According to our seven years of emotional counseling experience and the summary of more than 2,000 cases, basically when every student finds me, when there is a problem, I will ask her: What is your original family and each other's original family? Everyone talked about this, you may wish to stop and think about it, you think about yourself, your original family, what impact has it caused you?

Can a man marry? It has nothing to do with "money", it has to do with these four words

Why do I say that the family of origin is so important, because in psychology there is a call: "mapping effect" We call it compulsive repetition, what does it mean? Most of us, the way to deal with intimate relationships is borrowed from parents, for example, parents used to quarrel, or the father is very strong, this man is likely to become strong later, there is another is that his father is very strong, he will later become a flattering personality, inner inferiority, it is also possible, this is the impact of the original family on him!

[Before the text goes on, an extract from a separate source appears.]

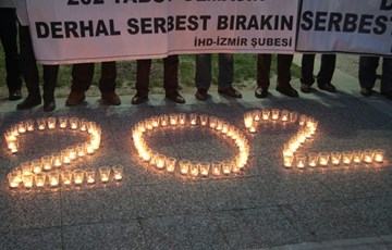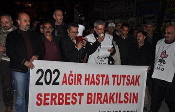 İHD İzmir Şubesi, Eski Sümerbank önünde basın açıklaması düzenledi. Açıklamaya çok sayıda kişinin yanı sıra BDP İzmir İl Eş Başkanı Yusuf Kaya, Tutuklu Aileleri Yardımlaşma Derneği (TAY-DER) İzmir Şube Başkanı Dünyamalı Ariç ve üyeleri de destek verdi. "Hasta mahpuslar sahipsiz değildir", "202 hasta tutsak 202 tabut olmasın, derhal serbest bırakın", "Hasta mahpuslar derhal serbest bırakılsın" pankartlarının açıldığı açıklamanın yapıldığı alana cezaevlerinde bulunan 202 hasta tutsak için 202 mum yakıldı. Grup adına açıklamayı okuyan İHD İzmir Şube üyesi Caner Canlı, 202 hasta tutsağın cezaevinde ölümle pençeleştiğini ifade ederek, "202 mumla 202 eriyen bedenden bahsediyoruz, 202 ağır hasta mahpustan" dedi.

Can a man marry? It has nothing to do with "money", it has to do with these four words

You have to avoid as much as possible, the original family has problems with the people, of course, as far as possible to avoid, can not say that you are all married, you find each other's single-parent family, forget it, that will not be! Just say you have a case where you have options and avoid as much as you can.

Can a man marry? It has nothing to do with "money", it has to do with these four words

So what do you have to realize, a pattern of getting along with his parents, such as between his parents, is there any cheating? Whether one party is particularly strong, the other party has always been flattering, and then whether there is a frequent fight, or even obviously seen, that is, some divorce, etc., you can also find that his original family has affected him. Before marriage, women go to see the man's original family, which is more conducive to rational judgment of feelings.

Can a man marry? It has nothing to do with "money", it has to do with these four words

After you understand this, in fact, there is a high probability that you can see what your marriage will look like in the future. In addition to looking at each other, you also have to look at yourself and summarize yourself. This is why, just now the teacher said that you have to summarize your problems, you know your own and understand each other, in order to better coordinate in the future process of getting along.

Can a man marry? It has nothing to do with "money", it has to do with these four words

Men with growth ability know better how to continuously improve themselves through their own growth, get rid of the impact of their original family on him, and men who know how to grow up are more likely to shoulder the responsibilities in marriage. Finally, I also hope to refer to everyone's feelings.